You began making this work twenty years ago. Has the way people view it changed over that time?
People do feel it differently, but it is subject-dependent. To quote Rick Rubin again: “Art without meaning is just decoration. The art is in the idea.” That line changed the way I think about things. With the ‘Mona Lisa’ I had thought people would get really excited, but it was just met with a bit of a shrug. Whereas, with the Civil War tintypes people say: this is a bit edgy – what’s he saying here? What causes the different reactions is the meaning behind the image. With these images, I even get hate mail.
But I am not trying to preach. I am just trying to encourage people to be a little bit more curious.


[Left] Louis Troutman (photograph by Gayford & Speidel, Illinois)
[Right] © Drew Gardner – Christopher Wilson, third great grandson of Louis Troutman
In making ‘The Descendants’, what have you learned about yourself that you did not previously know or understand.
I’ve learned how ignorant I am. It’s really that easy. If you had asked me twenty years ago, I’d have said I knew my history. I had quite an ego about me back then. I’ve always loved history, but the more I read, the more realise how ignorant I am.
People can get a bit affronted when I say that, but I think it’s really important to own it, because we can’t ever know everything. Can’t we just accept that we don’t know stuff?


Biographical Notes
Drew Gardner was born in Nottingham, England, in 1964. He left school at fifteen and began working for the local newspaper. In 1987, in a bid to kick-start his journalistic career, he made a self-funded trip to Cambodia to cover the Civil War. He went on to cover international stories in more than fifty countries for a range of national newspapers. Later he moved to editorial work that told stories, including a major project photographing twenty of the most unusual Guinness world record holders in the United Kingdom. His work has featured in more than twenty solo and group exhibitions in China, France, Greece, the Republic of Korea, Romania, the United Kingdom, and the USA.

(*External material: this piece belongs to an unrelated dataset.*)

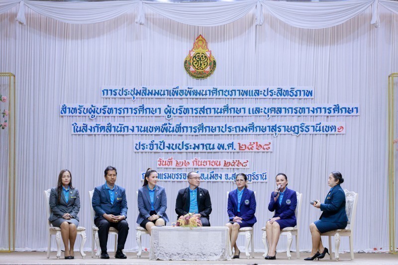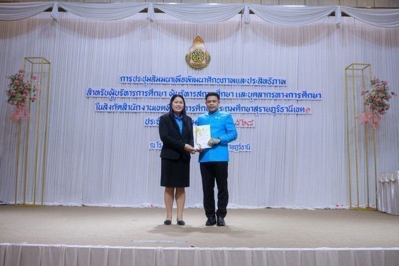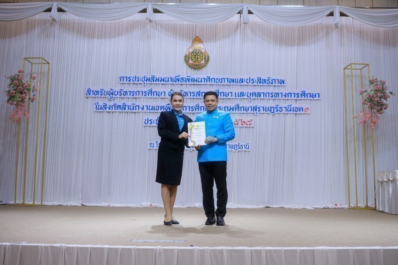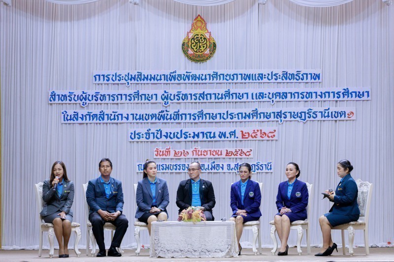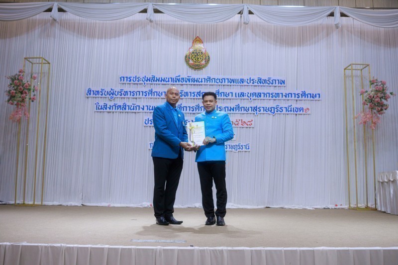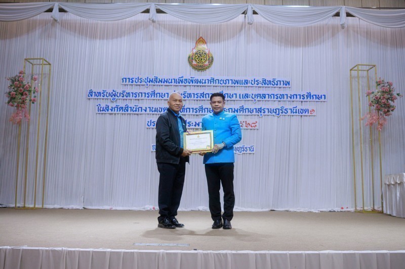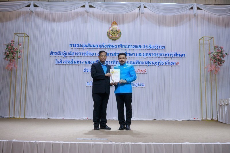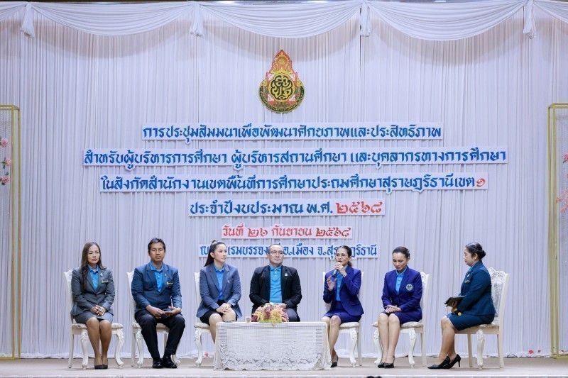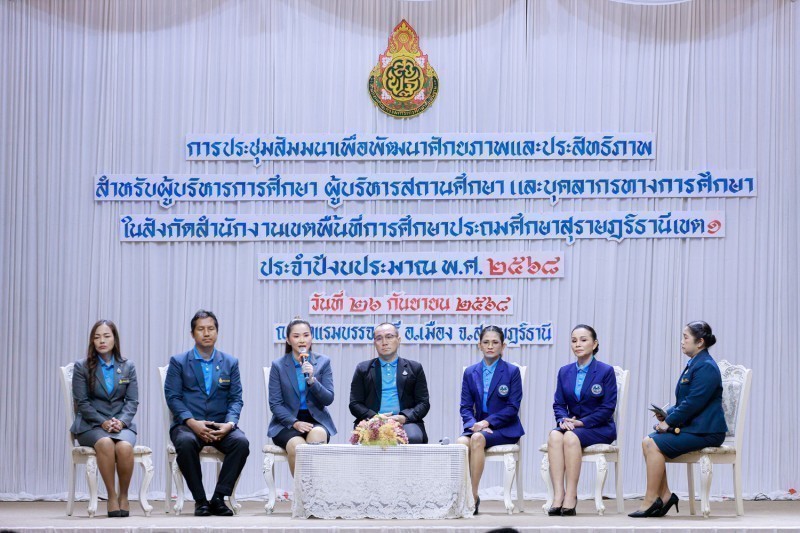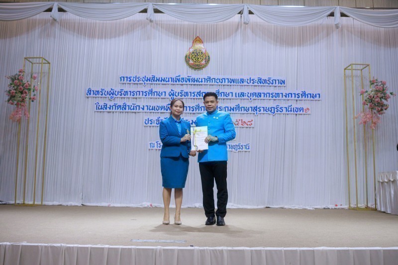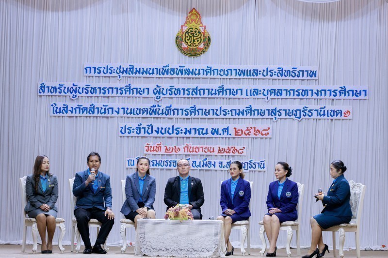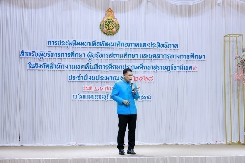 วันที่ 26 กันยายน 2568 นายเลอศักดิ์ รัชณาการ ผู้อำนวยการสำนักงานเขตพื้นที่การศึกษาประถมศึกษาสุราษฎร์ธานี เขต 1 เป็นประธานการประชุมสัมมนาเพื่อพัฒนาศักยภาพและประสิทธิภาพ สำหรับผู้บริหารการศึกษา ผู้บริหารสถานศึกษา ข้าราชการครู และบุคลากรทางการศึกษา สังกัดสำนักงานเขตพื้นที่การศึกษาประถมศึกษาสุราษฎร์ธานี เขต 1 (ครั้งที่ 3) โดยมีวัตถุประสงค์เพื่อให้ผู้บริหารการศึกษา ผู้อำนวยการกลุ่ม ศึกษานิเทศก์ ผู้อำนวยการโรงเรียน รองผู้อำนวยการโรงเรียน สังกัดสำนักงานเขตพื้นที่ การศึกษาประถมศึกษาสุราษฎร์ธานี เขต 1 ได้รับทราบนโยบาย จุดเน้น และ แนวทางการปฏิบัติงานในการพัฒนาคุณภาพการศึกษาของกระทรวงศึกษาธิการ และสำนักงานคณะกรรมการการศึกษาขั้นพื้นฐาน ส่งเสริม สนับสนุน ยกระดับคุณภาพการศึกษา เสริมสร้าง ความเข้มแข็ง ให้สถานศึกษาในสังกัด สามารถขับเคลื่อนแผนงาน/โครงการ ให้บรรลุเป้าหมายของสำนักงานเขตพื้นที่การศึกษาต่อไป โดยมีกลุ่มเป้าหมาย คือ ผู้บริหารการศึกษา ผู้อำนวยการกลุ่ม ศึกษานิเทศก์ ผู้อำนวยการโรงเรียน รองผู้อำนวยการโรงเรียน รักษาการ ผู้อำนวยการโรงเรียน และเจ้าหน้าที่ผู้รับผิดชอบที่เกี่ยวข้อง รวมจำนวน 192 คน ณ โรงแรมบรรจงบุรี อำเภอเมืองสุราษฎร์ธานี จังหวัดสุราษฎร์ธานี

His images have garnered many accolades including The International Color Awards Fine Art prize, 2009; the Shanghai Photography Award, 2018; and the American Photography AP37 award, 2021. In 2024, he was named Photographer of the Year at the ND Awards, and Film Photographer of the Year at the International Photography Awards, while also winning the Head On Portrait Prize (Australia), the Fine Art Awards at Prix de la Photographie Paris, and the Open Award from the Association of Photographers (UK). In 2025, he was named Portrait Photographer of the Year at the 48th APA Awards in London. Drew Gardner has a room named after him in the Manfrotto headquarters in Bassano, Italy. He lives and works in Frome in Somerset, England.
Photo: Kristof Ramon
This interview is a Talking Pictures original.